Sinergi dan Koordinasi Butuh Kepemimpinan Kuat

Loading

Oleh: Fauzi Aziz

ilustrasi

ilustrasi

KATA sinergi dan koordinasi sudah menjadi sebuah keniscayaan dan sekaligus kebutuhan dalam setiap penyelenggaraan kebijakan dan program. Apakah dalam rangka penyelenggaraan kebijakan dan program dalam organisasi publik maupun dalam organisasi bisnis.

Oleh sebab itu, sinergi dan koordinasi itu harus dikerjakan betapapun sulitnya. Kalau tidak, pasti akan memboroskan penggunaan sumber daya. Indonesia sebagai bangsa yang majemuk dan memiliki berbagai macam kepentingan untuk dapat mencapai tujuan bernegara. Maka, para pemimpinnya harus berkemampuan tinggi untuk menyinergikan dan mengoordinasikan seluruh kepentingan di berbagai bidang.

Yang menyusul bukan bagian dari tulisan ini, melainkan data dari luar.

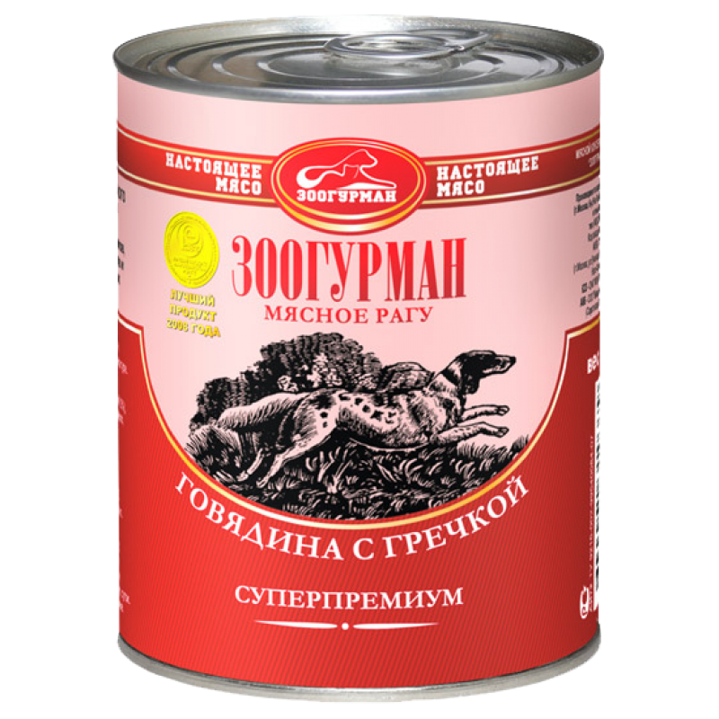 Настоящее мясо Говядина с гречкой – это влажный корм для собак (мясное рагу с гречкой) от торговой марки Зоогурман.
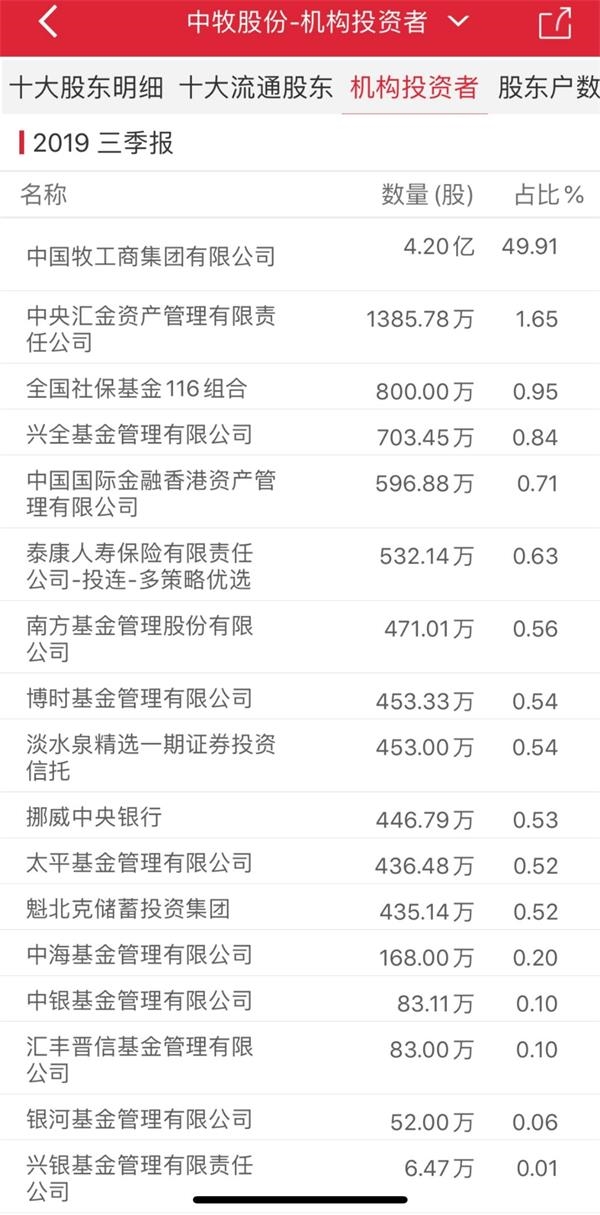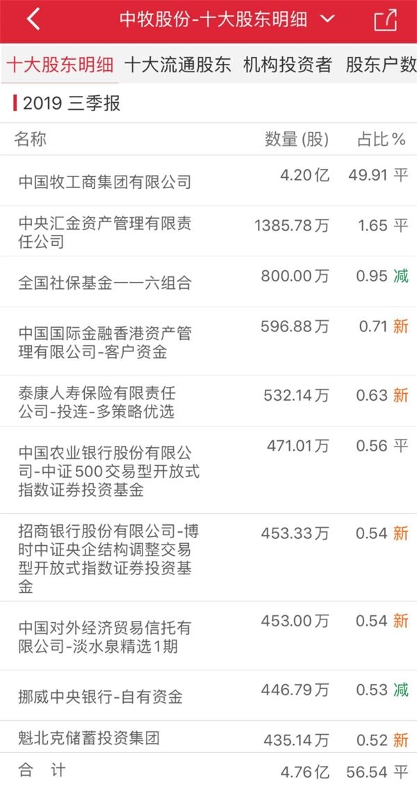 中牧股份实控人为中国农业发展集团有限公司,股东中有中央汇金资产管理有限责任公司、全国社保基金一一六组合、泰康人寿保险有限责任公司的产品,还有博时、太平洋、华夏等多家基金公司的产品。

Dengan demikian, ketika pada tahun 2014 seluruh rakyat Indonesia akan memilih presiden dan wakil presiden, mudah-mudah kita dapat menentukan pilihan dengan tepat.Yakni memilih sosok pemimpin yang kredibel dan berkemampuan tinggi untuk melakukan sinergi dan koordinasi yang efektif dalam penyelenggaraan pemerintahan dan kenegaraan.

Titik lemah yang paling mendasar selama ini dari sistem manajemen pemerintahan dan ketatanegaraan adalah berada pada simpul sinergitas dan koordinasi. Keduanya kita butuhkan sebagai enabling factor untuk mencapai sebuah tujuan penyelenggaraan sistem pemerintahan dan pembangunan yang efisien dan efektif.

Indonesia dinilai sebagai salah satu negara yang berhasil mengelola kebijakan fiskal dan moneter dengan menerapkan asas prudensial yang disiplin.Tetapi pada sisi implementasi sejatinya belum berhasil menegakkan disiplin karena masih terlalu boros menggunakan APBN/APBD, karena sinergi dan koordinasi program dan pelaksanaannya sangat lemah.

Semuanya ini terjadi karena faktor kepemimpinan yang buruk.Hal yang demikian tidak hanya terjadi pada tataran level kepemimpinan pengambil kebijakan, tetapi terjadi di hampir semua lini organisasi di tingkat pelaksanaan pada masing-masing kementerian/lembaga. Banyak program tidak bisa dieksekusi, karena faktor lemahnya sinergi dan koordinasi. Koordinasi pada dasarnya hanya terjadi pada rapat-rapat saja, tetapi tidak berhasil ketika sebuah kebijakan dan program harus disinergikan pada tataran perencanaan dan pelaksanaannya.

Titik Optimal

Pertumbuhan ekonomi di Indonesia tidak akan pernah bisa mencapai titik yang optimal dilihat dari aspek manajemen pembangunan. Nilai inputnya masih terlalu boros, sedangkan nilai output-nya tidak maksimal karena faktor input-nya mahal. Akibatnya nilai tambah yang terbentuk tidak terlalu besar.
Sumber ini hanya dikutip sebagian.